**SUPPLIED DATA**
-*-*-
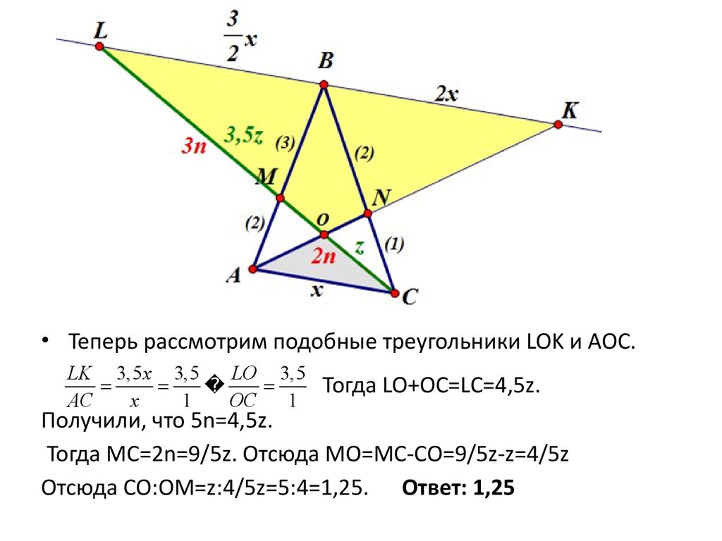 • Теперь рассмотрим подобные треугольники LOK и AOC.LK 3,5 x 3,5
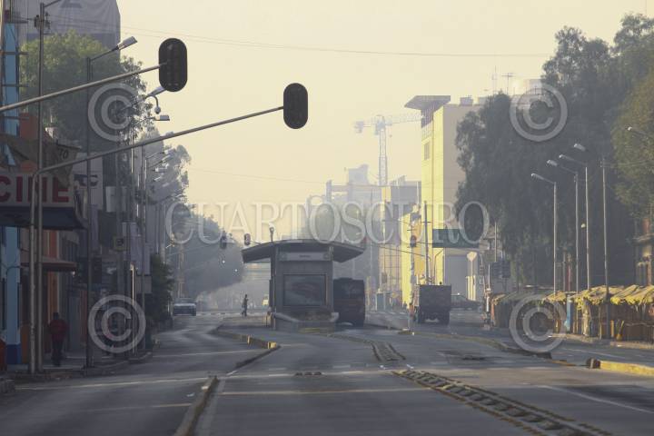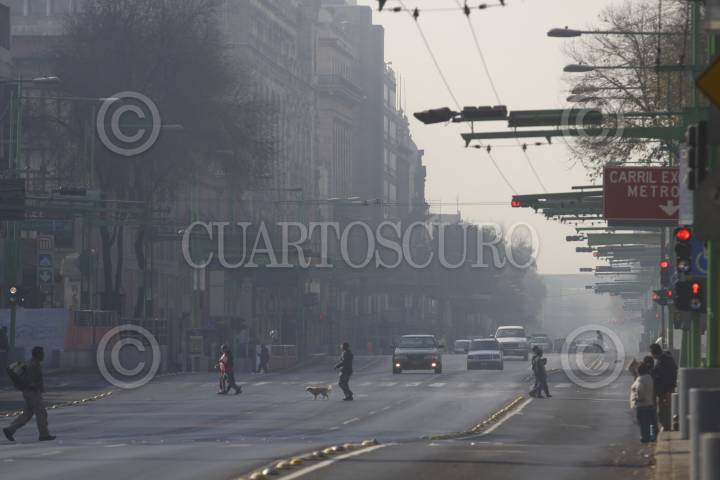 MÉXICO, D.F., 01ENERO2013.- Con una mala calidad del aire se despertaron los defeños este primer día del año, se implementó la precontingencia ambiental al norte de la capital donde las condiciones son "muy malas", aunque en toda la ciudad se apreció una intensa bruma. FOTO: MOISÉS PABLO /CUARTOSCURO.COM
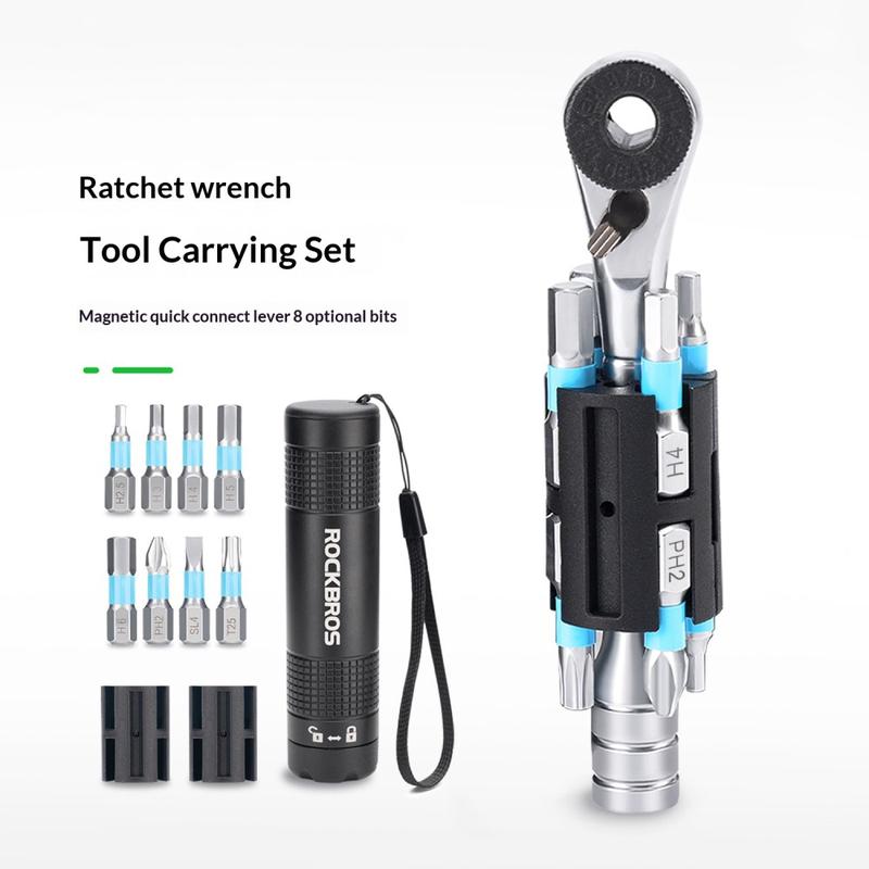 Rockbros TG-8601 kannettava räikkäavainsarja / magneettinen pyöränkorjaussarja, jossa 8 terää
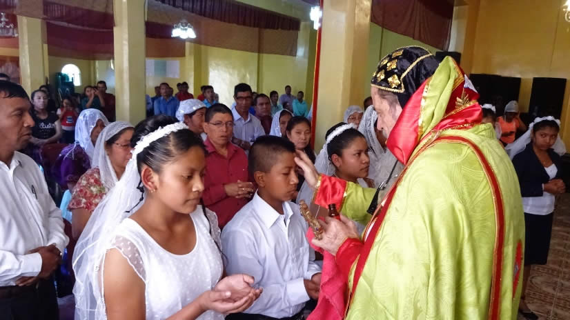 El lunes 6, Mor Santiago Eduardo, acompañado por el Padre Paulino Bizarro, llegó hasta la sede parroquial provisional de Chel, Chajul, para la celebración del decanato del Norte de Chajul.
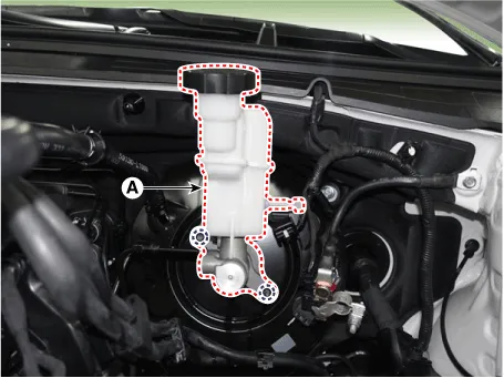 Separate the reservoir from the master cylinder after remove the screw (A).
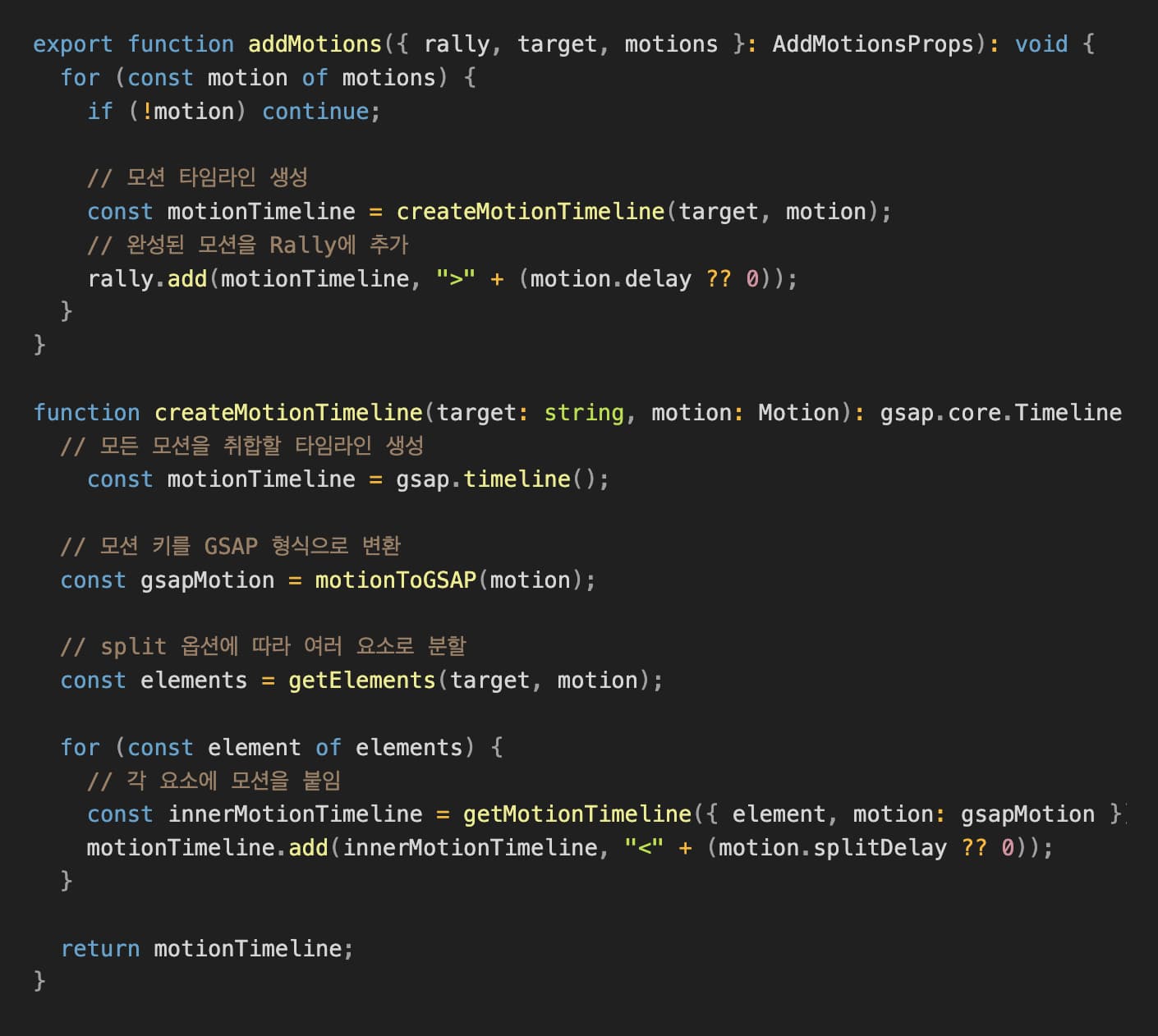 모션은 가장 구현하기 까다롭고, for 문을 많이 돌아 성능적으로도 많이 아쉬움이 남았습니다. 먼저 translateX와 같은 프로퍼티의 키를 GSAP 키에 맞게 바꿔 타겟에 붙여주었습니다. 애니메이션은 GSAP의 fromTo 메서드를 사용했는데 사용자가 from, to 중 하나의 값만 설정해도 나머지 값을 계산할 수 있도록 previousValue 객체를 만들어 저장하였고, previousValue 값 마저 없다면 Default 값을 사용했습니다. 또한 프로퍼티마다 별도의 easing과 duration 설정할 수 있기 때문에, 프로퍼티별로 inner 타임라인을 생성한 뒤 상위의 모션 타임라인에 합쳐주었습니다.
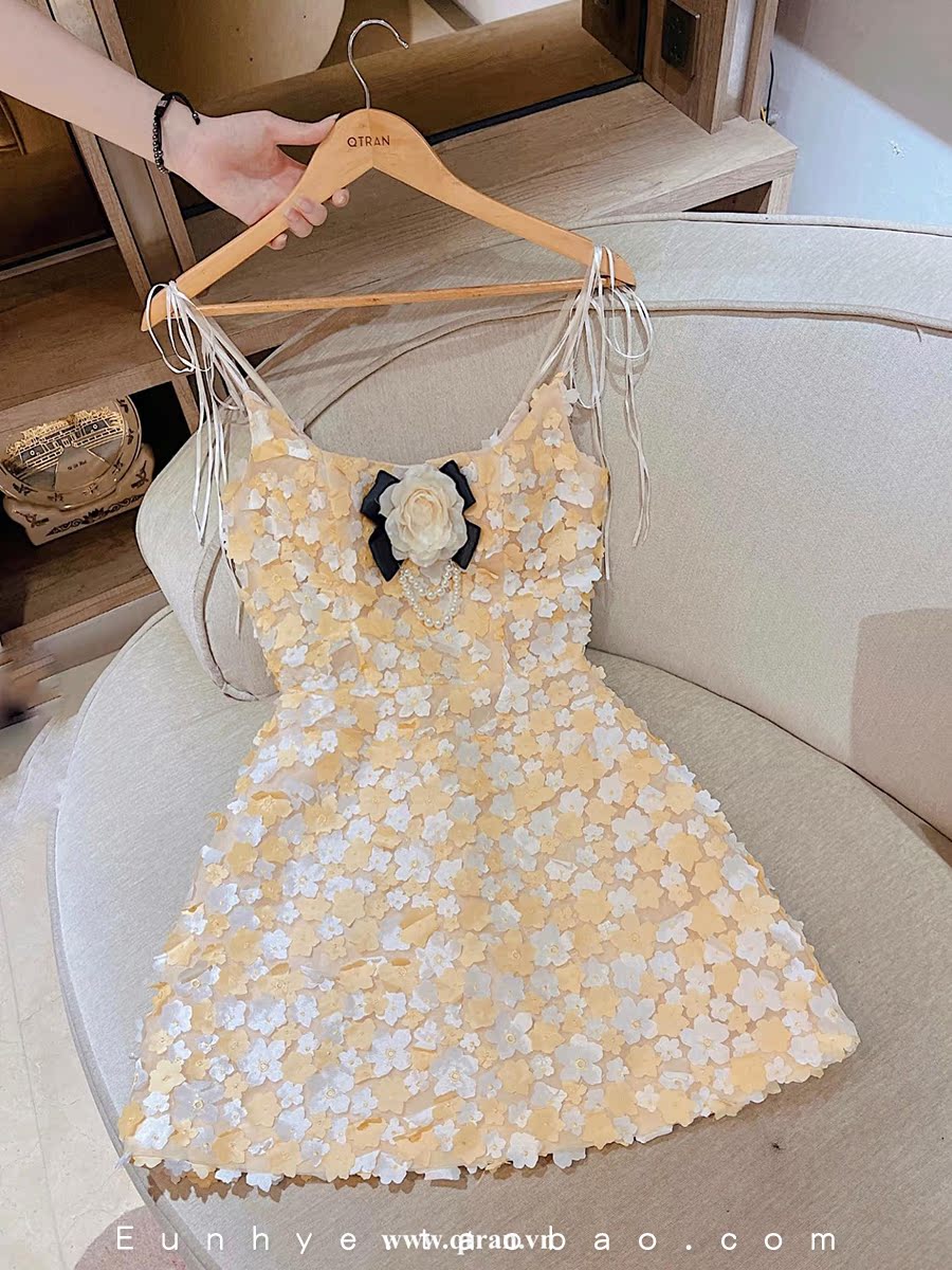 越南小眾QTRAN 2023年夏季新款繁花盛開淡黃白配色仙女吊帶裙
-*-*-
**TASK DETAILS**
Give back exactly, and solely, the section of the data above bounded by the line containing "MÉXICO, D.F., 01ENERO2013.- Con" and the line containing "Separate the reservoir", both bounding lines included and pictures omitted.

**ANSWER BOX**
 MÉXICO, D.F., 01ENERO2013.- Con una mala calidad del aire se despertaron los defeños este primer día del año, se implementó la precontingencia ambiental al norte de la capital donde las condiciones son "muy malas", aunque en toda la ciudad se apreció una intensa bruma. FOTO: MOISÉS PABLO /CUARTOSCURO.COM
 Rockbros TG-8601 kannettava räikkäavainsarja / magneettinen pyöränkorjaussarja, jossa 8 terää
 El lunes 6, Mor Santiago Eduardo, acompañado por el Padre Paulino Bizarro, llegó hasta la sede parroquial provisional de Chel, Chajul, para la celebración del decanato del Norte de Chajul.
 Separate the reservoir from the master cylinder after remove the screw (A).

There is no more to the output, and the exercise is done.